Film Review: Lagaan - Once Upon a Time in India
The year is 1893 in the fictional village of Champaner in the Central Indian province of Madhya Pradesh, where the impoverished inhabitants are not only under the tyrannical rule of the merciless British captain Andrew Russell, they are in the throes of a drought that has rendered them unable to pay their annual 'lagaan', a land tax which requires that they render a percentage of their now non-existent crops.
Up until now, the local rajah has kindly waived the lagaan until the monsoons return. But the arrival of the British cantonment has forced the him to make his own tithe to the colonial overlords in exchange for so-called 'protection from invaders', and therefore the rajah is powerless to continue extending his magnanimous beneficence toward the local farmers.
One afternoon, while Captain Russell is out on a hunting expedition, he discovers that Bhuvan, a handsome young villager has been two steps ahead of him all day, hiding in the bushes, pitching stones at the gazelles to frighten away the captain's quarry. A few days later, when the issue of the delinquent lagaan arises, Captain Russell recognizes Bhuvan, and in an act of retribution, challenges Bhuvan and the villagers to a cricket match as a means of settling the score. In a tense exchange of testosterone-laden bravado, the stakes are raised to triple or nothing, with the loser paying the lagaan. Moreover, Bhuvan has only three months to prepare his team for the tournament that will decide the fate of his village.
Despite their predicament, the villagers are seemingly happy, if not content. They still have faith that with the right offering and prayers to the gods of the temple, Champaner will thrive once more. Life and love go on for Bhuvan and the beautiful maiden Gauri, a pair of young lovers engaged in the customary ritual of courtship, until the day that the village soothsayer foresees an obstacle to Gauri's hopes for marriage.
Enter Elizabeth Russell, the newly-arrived sister to the captain, and a vision of pristeen loveliness in her Battenberg laces under a ruffled white parasol. Elizabeth takes pity on the plight of the villagers and kindly offers to teach them the rules and strategies of cricket, which coincidentally is quite similar to a game played by the children of Champaner, and a love triangle is formed.
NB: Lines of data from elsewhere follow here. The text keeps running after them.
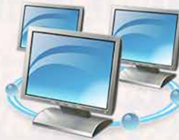
Réseaux Informatique & Maintenance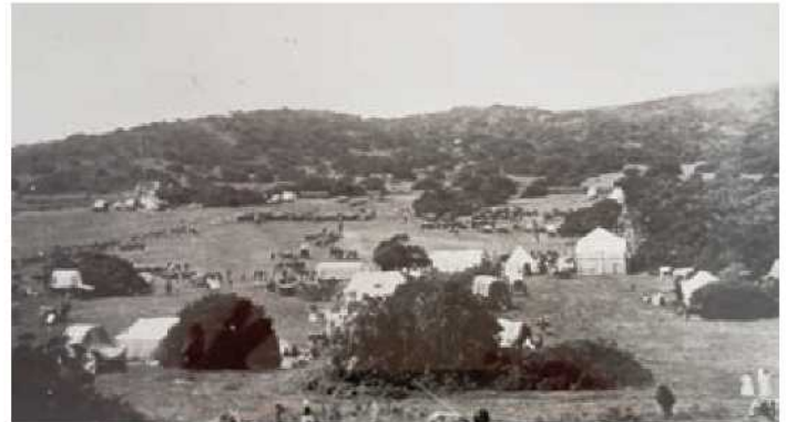
Community members and farmers gathered in 1904 to enjoy the festivities of the Bathurst Agricultural Show.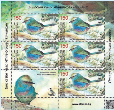
圖 123~ 圖 124

6. 2020 年 12 月 21 日發行 1 枚「比什凱克大清真寺小型張」（圖 125），郵票由吉爾吉斯斯坦和土耳其聯合發行。吉爾吉斯斯坦和土耳其在精神、文化、經濟和政治領域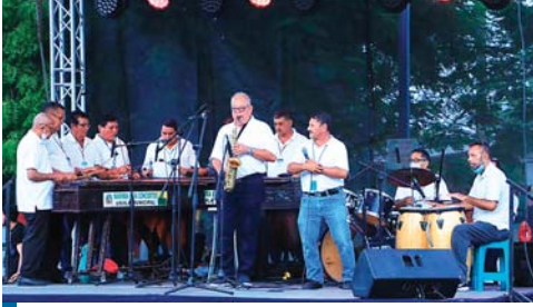
La Marimba para Conciertos puso el toque especial a la tarde cultural.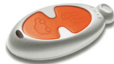
Modello sostituito da EV/ETR5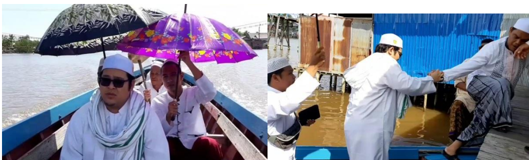
GAMBAR 4.8 Antar jemput penceramah menggunakan transportasi air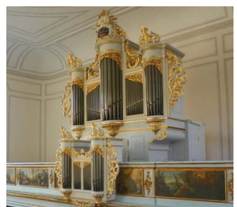
Orgue Silbermann (1718), Sainte Aurélie

Octave courte - Sélection ré # -mi b - Sélection sol # -la b Tempérament mésotonique Accouplement tiroir - Rossignol - Zimbelstern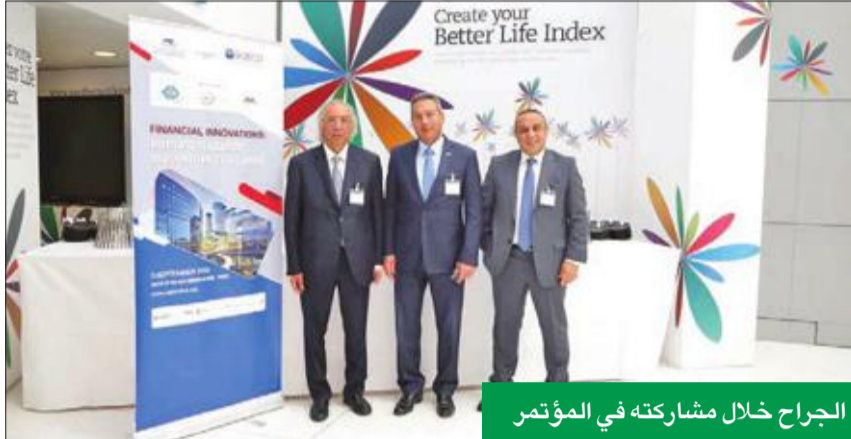
الجراح خلال مشاركته في المؤتمر

على هامش مشاركته في مؤتمر «المصارف العربية» و«التعاون الاقتصادي والتنمية»

In a sequence of scenes vaguely reminiscent of both 'Major League' and 'The Seven Samurai', Bhuvan manages to assemble an unlikely and reluctant band of eleven cricketeers, each chosen for his unique but unapparent athletic abilities. And after the requisite montage of trial-and-error-and-error-and-error practice sessions, the Champaner cricketeers are as ready as they'll ever be for the big day.
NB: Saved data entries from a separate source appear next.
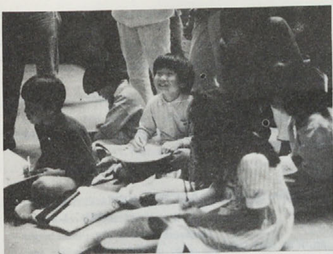
V Louvru

je po polurnem prekladanju obupan dvignil in ves zadovoljen sem zasedel svoje kraljestvo. Na žalost pa ugotovil, da je prav borno in sem le z veliko težavo zaspal, potem pa ni bilo problemov. Mislim, da bi se smilil celo sardinam v konzervi !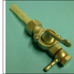
Benzinhahn ohne Filterbecher, 1 Abgang unten waagrecht mit Dichtung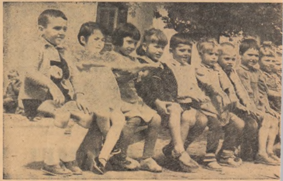
Grădinița sezonieră a g.a.c. din comuna Dragoș Vodă, raionul Giurgiu.

Intr-un grafic se arată: cite mărfuri industriale au fost desfăcute într-un an și cît au livrat cele două gospodării statului pe bază de contract. Balanța trage mai greu la produsele industriale. În satul de stepă arid și mizer cîndva, ați azi în magazine totul, de la sticlucă de odicolon pînă la motocicletă. Oamenii trăiesc pentru prima dată în viața lor confortabil și civilizată. Președintele a mărturisit că nu poate suferi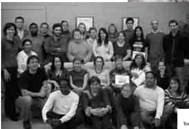
Toute l'équipe de Plan Nagua en compagnie des représentants des organismes partenaires du Sud, en novembre 2006.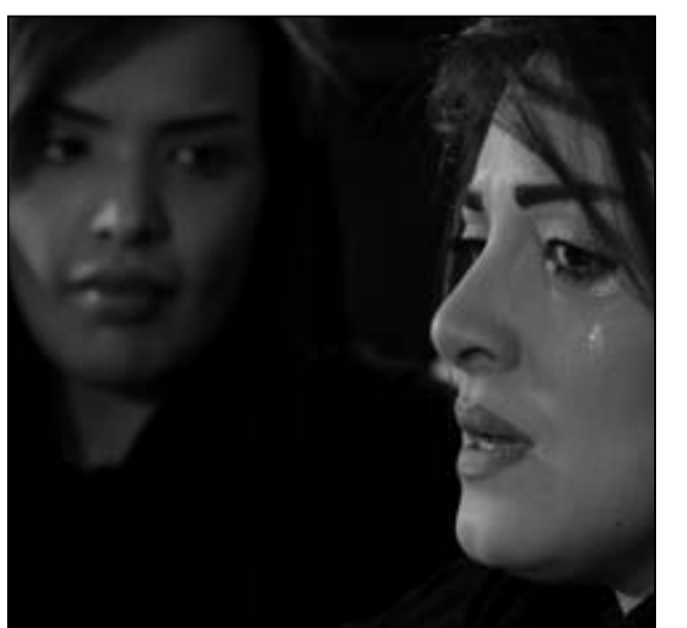
لقطة من مسلسل «أنت عمري»

ويكي «أنت عمري» قصة اجتماعية جميلة تتناول تناوّل حكاية أبٍ في مشارف الستين لديه عدد من الأبناء لكل منهم اهتمامات مختلفة في الحياة، تحدث بينهم خلافات ومواقف عدة تكشف على أثرها أمور لم تكن في الحسبان.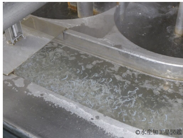
写真4 自動煮熟釜で煮熟されるシラス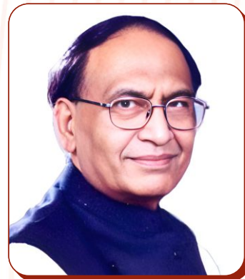
Dr. C. P. Thakur Chancellor, CUSB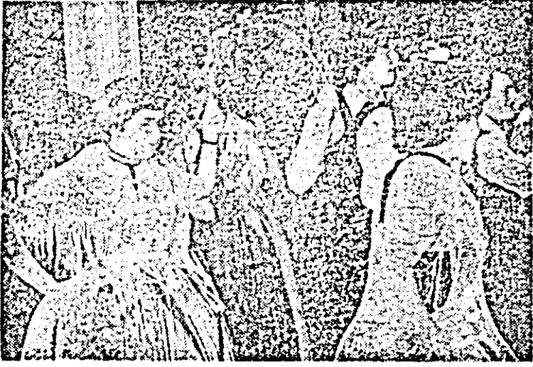
Formația căminului cultural din Zăbrani — o expresivă exponență a distinsului și suavului dans popular german local.

ziarelor „Neuer Weg”, „Neue Banater Zeitung”, și a revistei „Karpoten Rundschau”. Să mai amintim că sâmbătoarea portului popular german a mai cuprins și recitări de poezie patriotice în limba română și germană din creația unor scriitori de naționalitate germană din țara noastră, cîntece populare germane (interpretate de grupuri vocale) și românești, momente vesele etc., pentru a întregi atmosfera de căldură și delectare superioară care a fost suverană pe întreg parcursul reușitei manifestări culturale-artistice de sâmbătă seara din sala „Teba”. C. IONUȚAS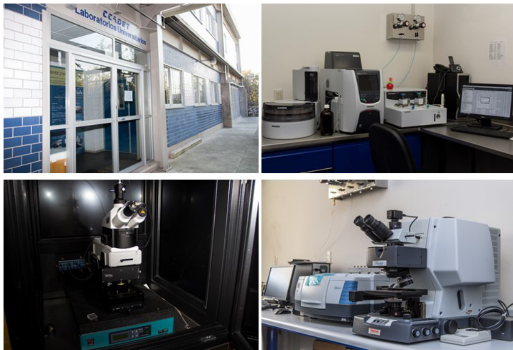
FIGURA 2. Los laboratorios universitarios en el CCADET y algunos de sus equipamientos.

micos que lo integran apoyan fuertemente la investigación que se realiza en catálisis heterogénea y fotocátalisis en el CCADET.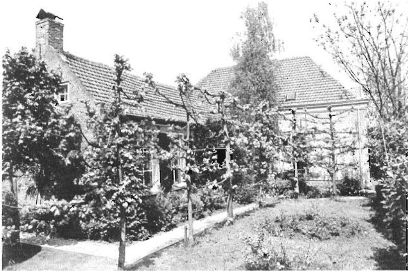
24/25. Woning van Pieter van Ginneken thans Hoolstraat 26. Hier was van 1805 tot 1821/1822 de gemeentesecretarie van Teteringen gehuisvest. Foto's van J. Margés 1987.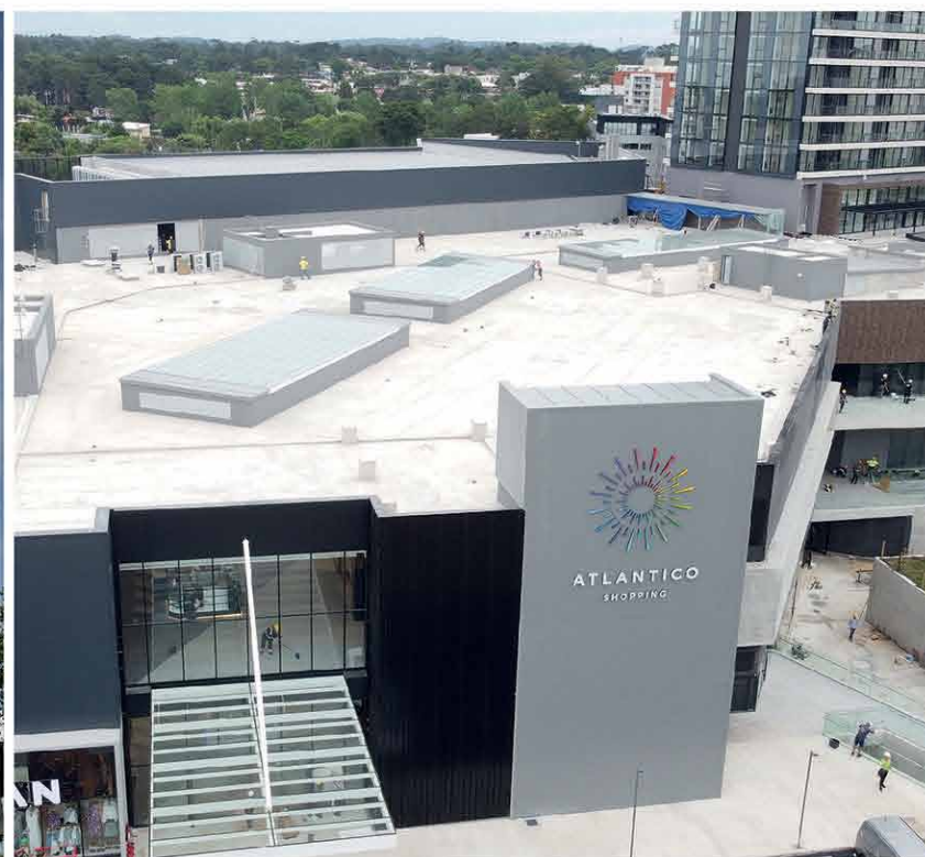
> CENTRO COMERCIAL ATLÁNTICO Área a construir: 48.000 m 2 . Período de ejecución: noviembre 2022 a diciembre 2023.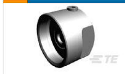
TE 产品编号1918934-4 STD CABLE ADAPTER, NO BOOT, HA, 5.5 mm

At 224 minutes, Ashutosh Gowariker's 'Lagaan' is almost as long as an actual cricket match, but by the time Bhuvan steps up to the plate for the inevitable deciding pitch, you'll find yourself riveted to your seat, cheering on the rag-tag team of villagers giving it their all in a do-or-die challenge against the British 'feringhees' in their tidy-whitey's. For a 'battle without bloodshed', those Boys of Indian Summer sure know how to put the 'bat' in battle.